#### Material provided ####

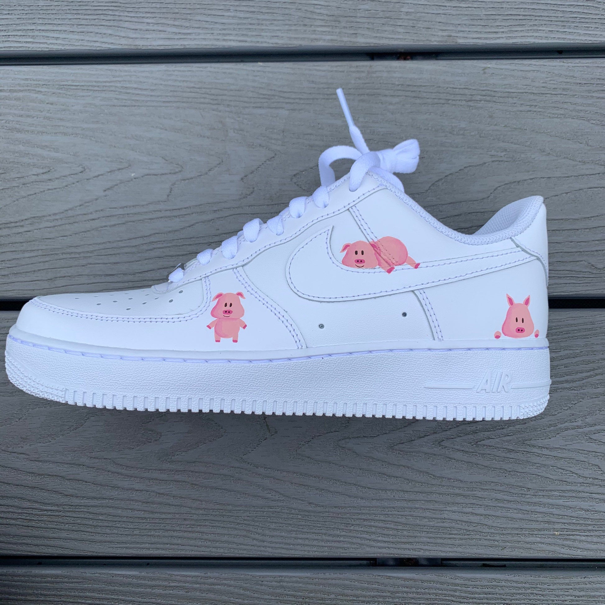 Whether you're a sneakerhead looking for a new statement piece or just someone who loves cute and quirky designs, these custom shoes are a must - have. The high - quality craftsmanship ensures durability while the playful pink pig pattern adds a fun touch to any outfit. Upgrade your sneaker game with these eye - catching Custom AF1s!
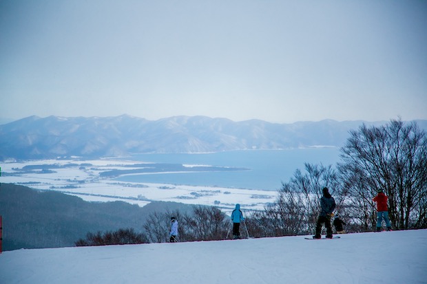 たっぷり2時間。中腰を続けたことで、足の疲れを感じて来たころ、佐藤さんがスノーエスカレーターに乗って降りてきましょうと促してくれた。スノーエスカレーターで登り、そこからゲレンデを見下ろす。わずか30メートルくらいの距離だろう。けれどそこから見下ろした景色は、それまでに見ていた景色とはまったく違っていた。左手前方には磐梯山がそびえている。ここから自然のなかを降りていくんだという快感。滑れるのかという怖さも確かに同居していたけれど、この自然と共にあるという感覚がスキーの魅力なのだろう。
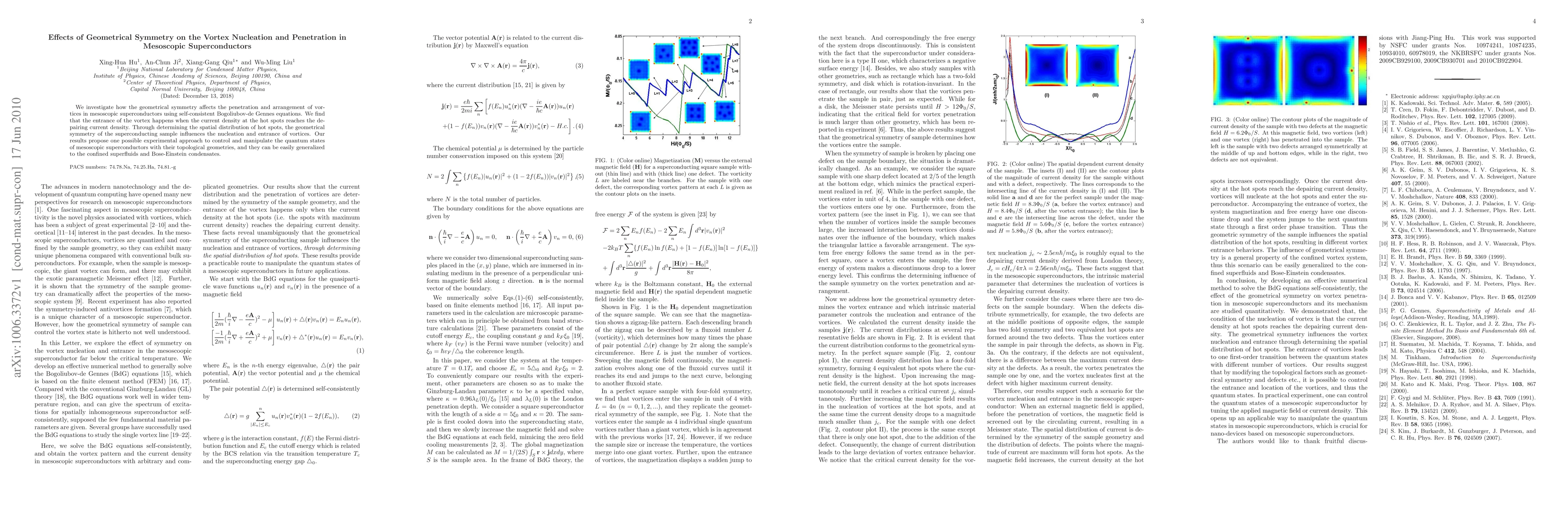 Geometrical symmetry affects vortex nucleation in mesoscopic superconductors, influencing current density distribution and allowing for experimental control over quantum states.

####

Required work:
In copying the listing, reproduce each line exactly and omit the pictures.

Answer to this task:
 Whether you're a sneakerhead looking for a new statement piece or just someone who loves cute and quirky designs, these custom shoes are a must - have. The high - quality craftsmanship ensures durability while the playful pink pig pattern adds a fun touch to any outfit. Upgrade your sneaker game with these eye - catching Custom AF1s!
 たっぷり2時間。中腰を続けたことで、足の疲れを感じて来たころ、佐藤さんがスノーエスカレーターに乗って降りてきましょうと促してくれた。スノーエスカレーターで登り、そこからゲレンデを見下ろす。わずか30メートルくらいの距離だろう。けれどそこから見下ろした景色は、それまでに見ていた景色とはまったく違っていた。左手前方には磐梯山がそびえている。ここから自然のなかを降りていくんだという快感。滑れるのかという怖さも確かに同居していたけれど、この自然と共にあるという感覚がスキーの魅力なのだろう。
 Geometrical symmetry affects vortex nucleation in mesoscopic superconductors, influencing current density distribution and allowing for experimental control over quantum states.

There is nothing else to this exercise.